Booth chuckles. He turns another corner while scanning the area expertly with his well-trained eyes. "Very weak, Bones."

"Decidedly. Should I just stick to Sierra-Bravo?"

A grimace. "Way too girly. What about Foxtrot-Bravo-Eyecandy? That one was catchy." At her amused huff, he goes on. "Alpha-Ranger was probably less provocative, though."

"Alpha-Ranger it is."

"Glad that's settled."

"I'm giving in to you way too much."

"And I'm really enjoying it. So, you looking for a ride, or what? Pick you up at the lab?"

"Yes, please."

Booth suddenly swears, jerking the wheel as a spooked deer leaps in front of the hood. The car fishtails and takes out a few lane dividers. This one is soon followed by the rest of its herd. Their bleats and calls fill the small interior of the car. The ground trembles under their stampeding hooves.

"Are you hunting?" comes the sudden demand, voice pitched higher than usual.

"Maybe..."

He spins the wheel around and speeds after the herd, trying to maintain his verbal avoidance with limited success, thanks to his persistent cohort.

"You promised next time you would take me."

She sounds miffed.

"I did! And… I will. It was just that, well, I wasn't busy and you were busy and I had the shooter just sitting here, and, you know…" Going off in a pathetic stammer, he tries to multitask between bickering and focusing on the road.

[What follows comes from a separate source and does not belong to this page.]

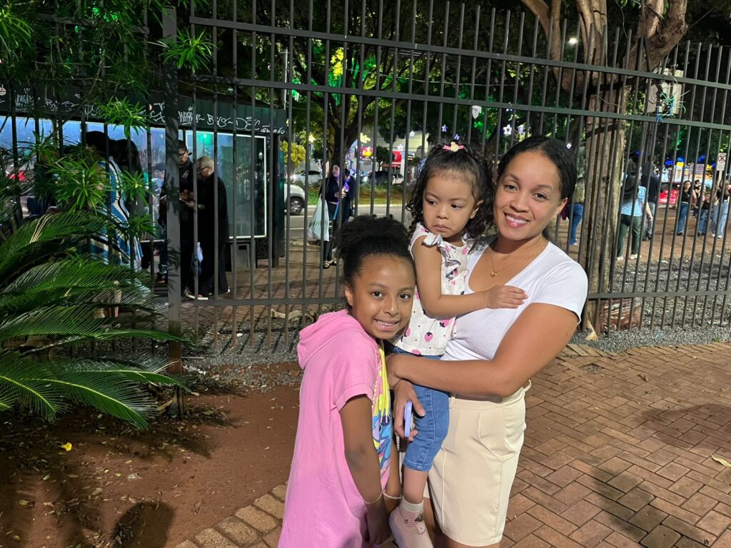 A experiência também foi especial para Adrieli Neiva, de 32 anos, moradora do Jardim Batistão, que levou a filha Manuela, de 5 anos, e o sobrinho Djalma, de 6. “Essa época do ano representa amor, paz e união. Foi a primeira vez que conseguimos vir, e foi muito bonito. As crianças ficaram encantadas”.

They should make a bumper sticker, he muses distractedly. Ignores the irony. Nowadays, there just isn't a whole lot of "they" to go around. Nevertheless, he can sense her furtive grin, even if his eyes can't.

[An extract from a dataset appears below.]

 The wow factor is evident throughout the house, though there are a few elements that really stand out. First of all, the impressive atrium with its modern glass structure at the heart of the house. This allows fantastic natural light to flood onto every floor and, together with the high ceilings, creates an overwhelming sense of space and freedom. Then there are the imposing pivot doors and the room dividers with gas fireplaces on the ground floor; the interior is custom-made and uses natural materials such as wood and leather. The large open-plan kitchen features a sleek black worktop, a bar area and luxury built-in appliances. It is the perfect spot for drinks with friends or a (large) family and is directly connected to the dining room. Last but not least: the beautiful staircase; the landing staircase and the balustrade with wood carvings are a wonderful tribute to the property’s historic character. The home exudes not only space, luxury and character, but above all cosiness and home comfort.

"Pick me up in twenty minutes."

Booth tries to hide his own, but the corners of his mouth just aren't obeying. Revving up the v8 engine to its limit and giving full chase to the scattering wildlife, he pours on the charm. "Just give me ten."

She laughs at his shameless boast.

As the Mustang thunders through a park walkway, dodging statues and gates, he at last is able to pull up alongside several sprinting stags. Securing the walkie between his shoulder and jaw, he raises the rifle and takes aim outside the window. Tries to level the barrel.

He stifles another curse as he passes a subway ramp and most of his targets disappear under the street.

"Diner?" she confirms, a positive mood claiming her once again.

"BYO grub," he agrees through a boyish smile. The engine of the sports car and her voice fills his senses.

"I don't know what that means."

He laughs easily. "No worries. Got you covered."

"See you in ten, Booth." She issues him a pleasant adieu, about to disconnect.

"Say it, Bones." He grins cheekily into the walkie. Knows immediately she's rolling her eyes at him through the communication device. If he were in her presence, he would no doubt be subject to her endearing "pinchy-face."

His favorite of her pouts.

"Over."


It's only after we've lost everything that we're free to do anything.